The new report, "Economic Impact Analysis of the University of Southern California Annual Operations," shows that USC is responsible for $4.9 billion annually in economic activity in the L.A. region and beyond.

The study, commissioned by the university, reviewed the impact of USC's operational expenditures during the 2008 Fiscal Year.

During that period, USC produced about $2.1 billion dollars in total direct spending: wage and payroll expenditures of $1 billion, capital projects spending of $130 million, and various purchasing expenditures of $430 million. Students spent another $503 million for goods and services, while visitors to USC spent about $12 million in the region. For every dollar spent by USC in LA County, an additional 63 cents of output was created elsewhere in the regional economy.
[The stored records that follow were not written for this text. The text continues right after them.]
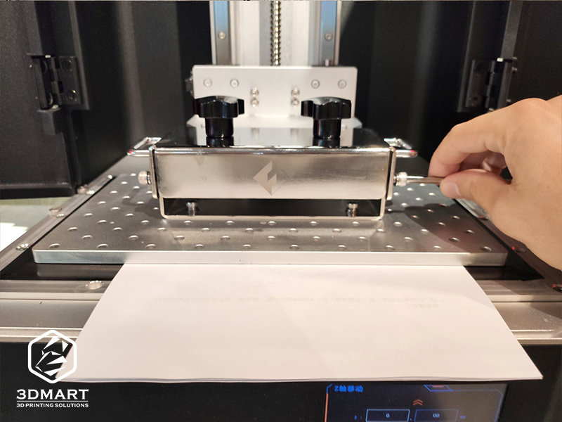 完全貼平底部紙張、LCD面板後,將載臺的固定螺絲重新鎖緊,來回抽動三張紙,以能夠抽動,但有一些阻力為標(biāo)準(zhǔn),最後點(diǎn)擊螢?zāi)簧系摹缸罡摺?,平臺會再次上升至頂部,完成Z軸校正。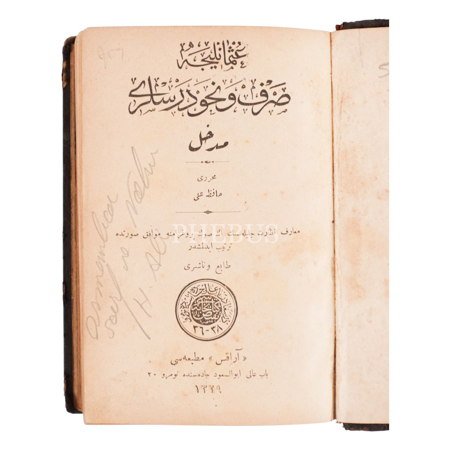 OSMANLICA SARF VE NAHİV DERSLERİ, Hâfız Ali, Araks Matbaası, 1329, 226 sayfa, 13x17 cm...
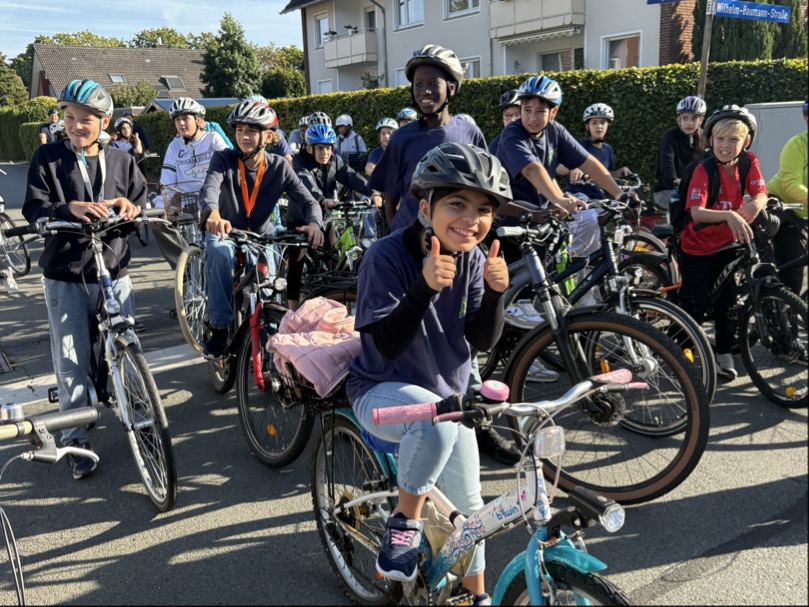 Unsere Schüler*innen radelten gemeinsam mit Kindern und Jugendlichen anderer Gütersloher Schulen auf einer rund 4,5 km langen, von der Polizei begleiteten Route durch die Stadt. Damit setzten sie ein starkes Zeichen für eine lebenswerte und nachhaltige Zukunft.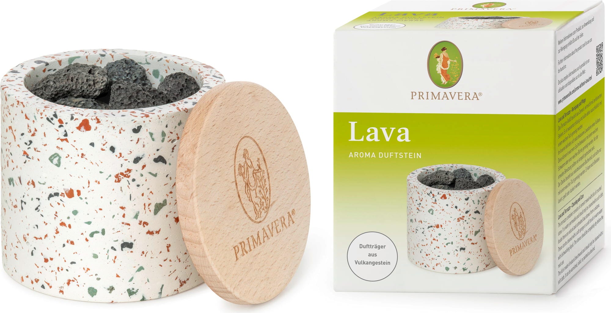 Med denne vakkert designede duftsteinen kan du harmonisere duft og design. Den runde beholderen, laget av terrazzo av høy kvalitet, imponerer med sine harmoniske linjer. Hver stein er unik, med subtile fargenyanser og en teksturert overflate. Inni er det naturlige lavasteiner, hvis åpne porestruktur gjør dem ideelle som duftbærere. Noen få dråper eterisk olje er nok til å subtilt fylle miljøet med aroma – uten varme eller strøm. Beholderen er avrundet av et lokk laget av ubehandlet bøketre, som beskytter innholdet og elegant fullfører helhetsinntrykket. Enten på skrivebordet, på badet eller i gangen – duftsteinen tilpasser seg diskret ethvert miljø.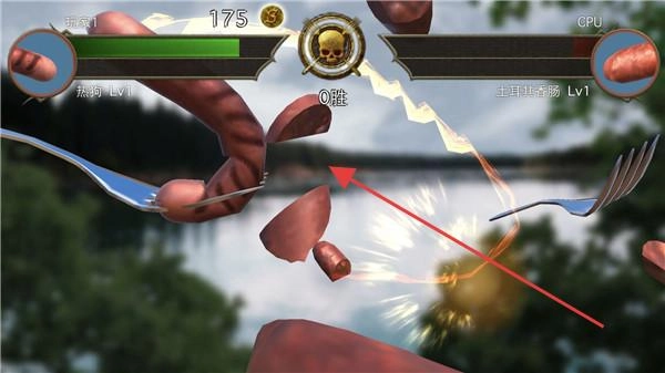 战斗时,操控像“热狗”这类的香肠,手持叉子武器,对准箭头所指的对手,攻击其身体碎片,力求以零败绩击败敌人。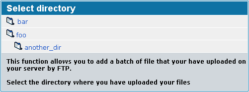 FTP-uploads plus batch-adding is the recommended method to upload files for the admin of a Coppermine-driven gallery. Only the admin can perform this for security reasons; non-admins can not perform this operation and need to use one of the other methods to upload files.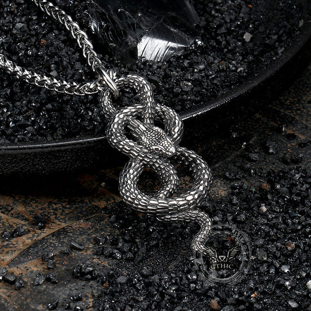 Crafted from high-quality stainless steel, this vintage pendant features a coiled snake design, symbolizing rebirth and transformation. The intricate detailing adds a touch of luxury while the durable material ensures long-lasting wear. Elevate your style with this exclusive piece, perfect for those with a taste for the finer things in life.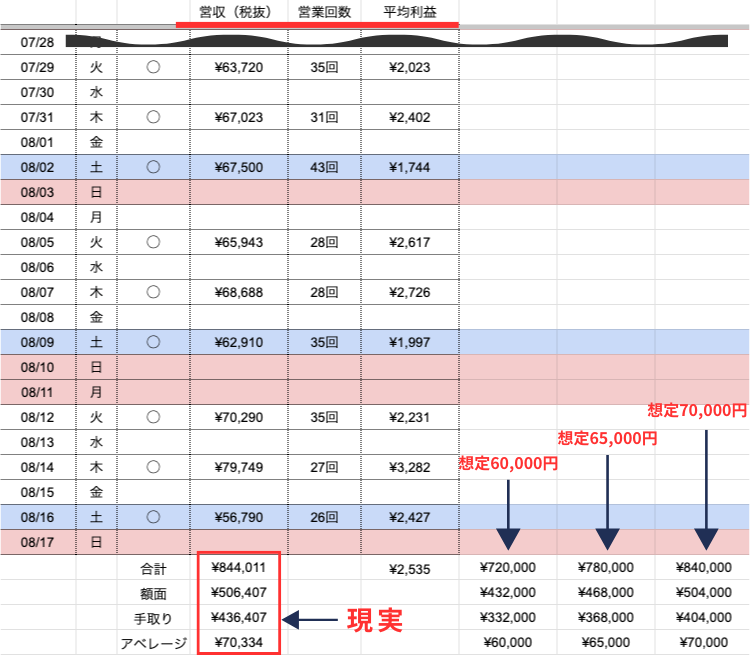 ・1日の売上:60,000円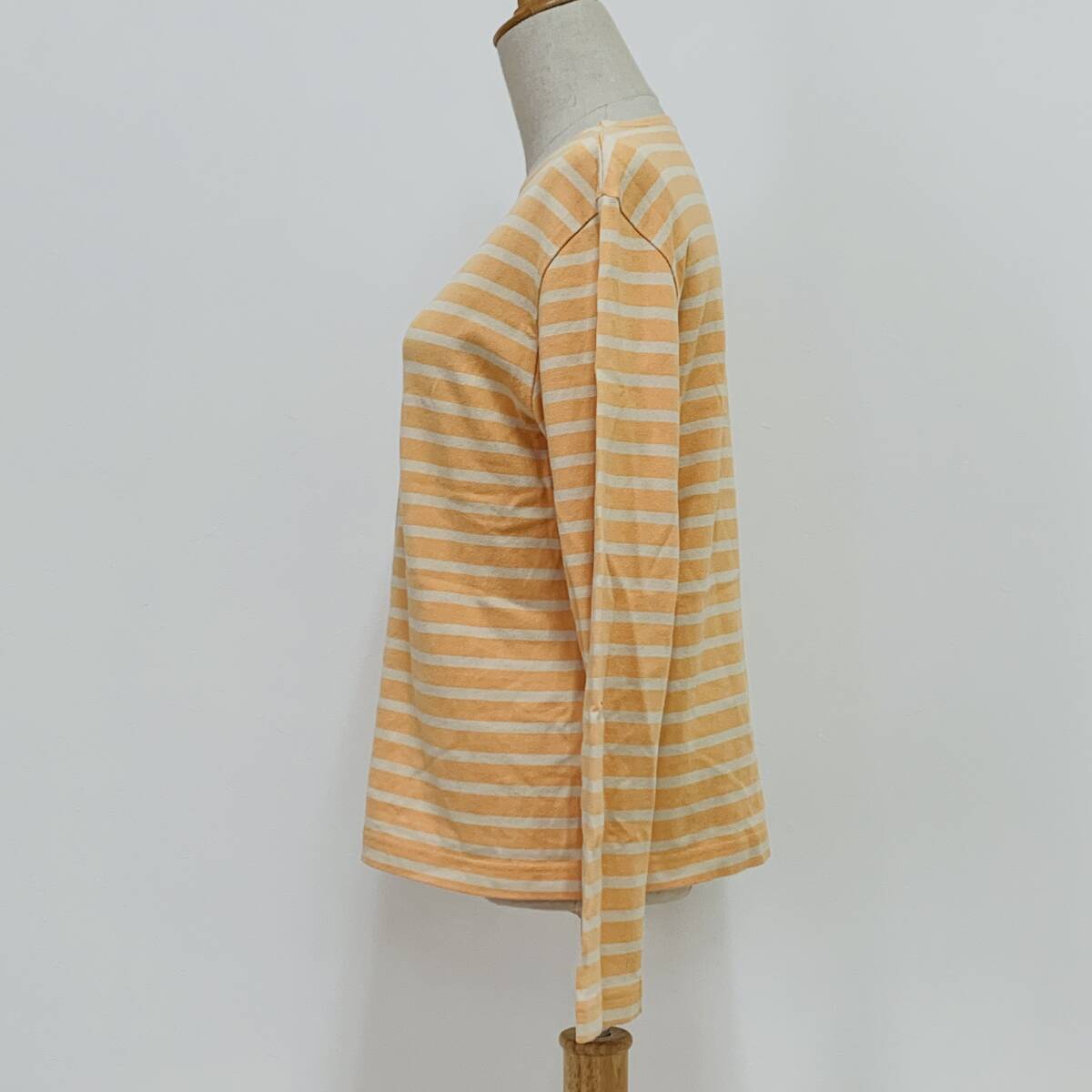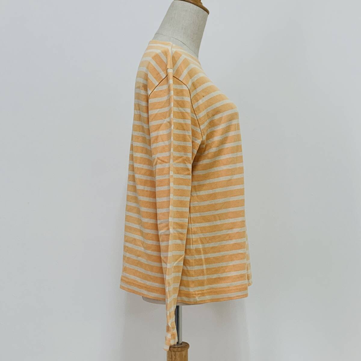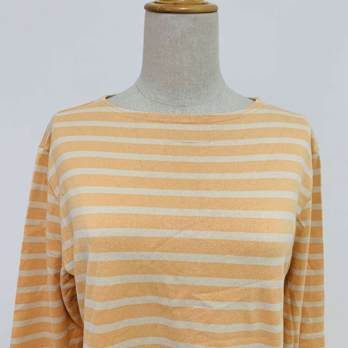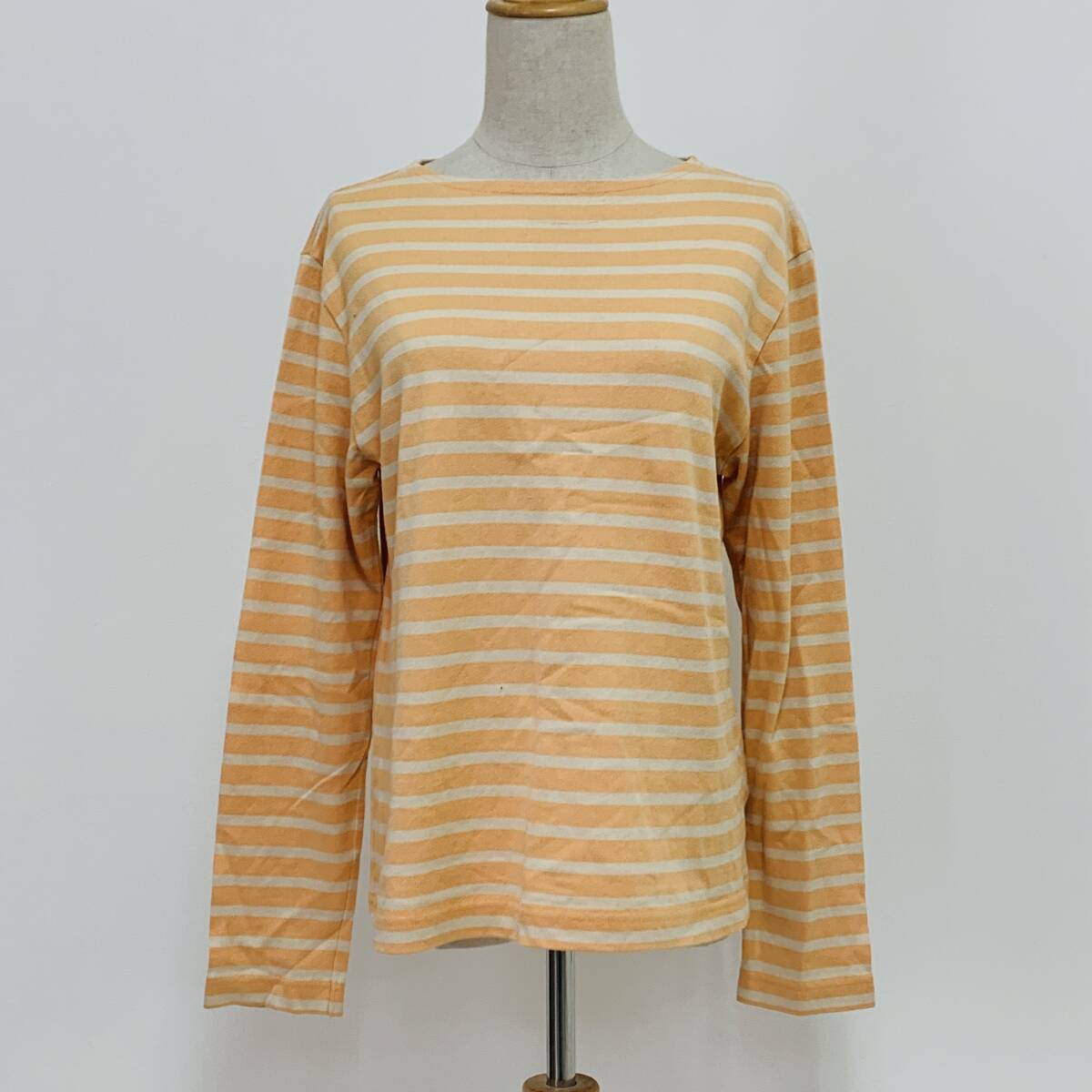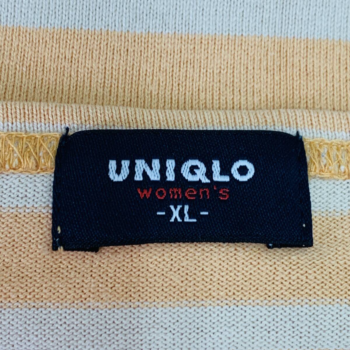 YH2446 UNIQLO ユニクロ レディース ボーダー柄 長袖 カットソー 丸首 オレンジ ベージュ XLサイズ 青タグ カジュアル 万能 USED 古着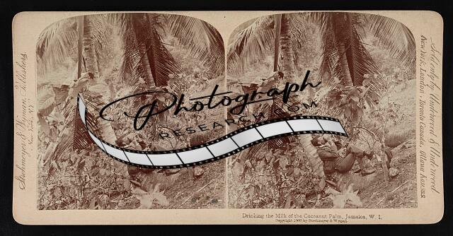 Drinking the milk of the cocoanut palm,Jamaica,W.I.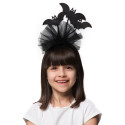 Halloween hairband with black tulle and three bats. There's a lot going on with this unusual headband. A black tiara of tulle decorated with a small rose will please any elegant witch, while three black bats will leave no doubt whose head the headband crowns. The headband will be the perfect prop to complete a costume for a Halloween party, carnival, costume ball or themed party. It will work well as an accessory for children as well as adults.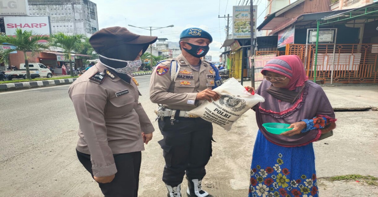tobapos.co – Untuk menyikapi situasi perekonomian masyarakat terdampak pandemi Covid-19, jajaran Satlantas Polres Asahan bagi-bagi beras diseputaran inti kota kisaran,yang langsung di pimpin oleh Kanit Laka Satlantas Polres Asahan Ipda M.Roni Selasa (23/6/2020) sekira pukul 11.30 wib.
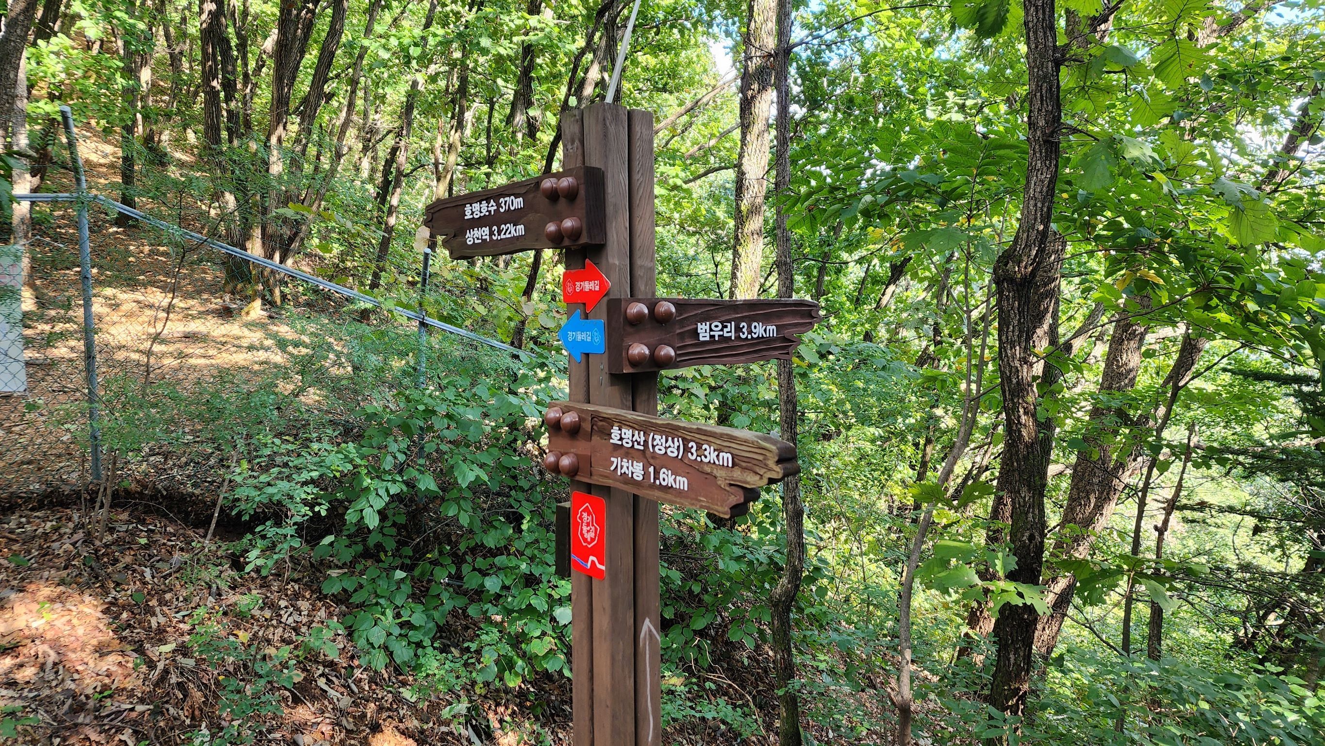 이후 호명호수까지 명지지맥 마루금을 따라간다. 휴식.

"We are proud to be a leader in higher education and a catalyst for the economy of Los Angeles," said Steven B. Sample, president, University of Southern California. "Even in this economic downturn, we continue to provide thousands of full- and part-time jobs in a wide range of fields.

"USC also contributes to L.A.'s position as the Capital of the Pacific Rim, as innovators and entrepreneurs, producers of art and culture, and through substantial capital investment that ripples out beyond our city and state to the world."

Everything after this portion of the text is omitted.